* Requirement
From the listing below, copy only the lines running from the line that contains "Розовые цветы альстрамерии на размытом фоне" to the line that contains "Dzięki wysokiej mocy", both included.

* Given entries
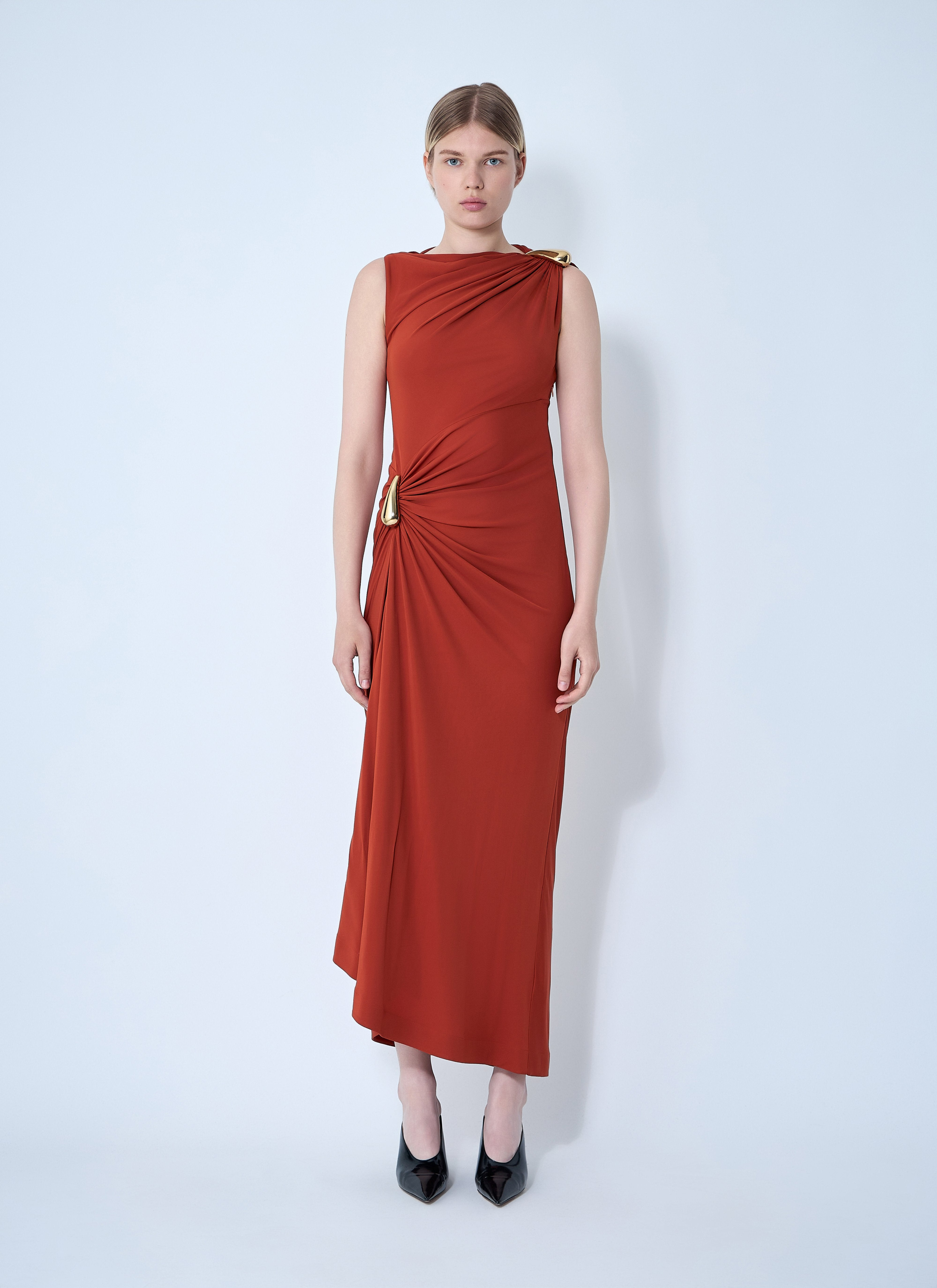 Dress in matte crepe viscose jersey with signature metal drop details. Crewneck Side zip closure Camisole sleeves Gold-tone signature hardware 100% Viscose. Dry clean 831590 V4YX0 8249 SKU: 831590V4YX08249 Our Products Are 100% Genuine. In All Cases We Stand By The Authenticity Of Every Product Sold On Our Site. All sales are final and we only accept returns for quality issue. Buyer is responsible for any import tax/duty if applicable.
...
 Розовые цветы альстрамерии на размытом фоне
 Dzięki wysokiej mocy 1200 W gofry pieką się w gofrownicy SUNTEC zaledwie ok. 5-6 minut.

* Result
 Розовые цветы альстрамерии на размытом фоне
 Dzięki wysokiej mocy 1200 W gofry pieką się w gofrownicy SUNTEC zaledwie ok. 5-6 minut.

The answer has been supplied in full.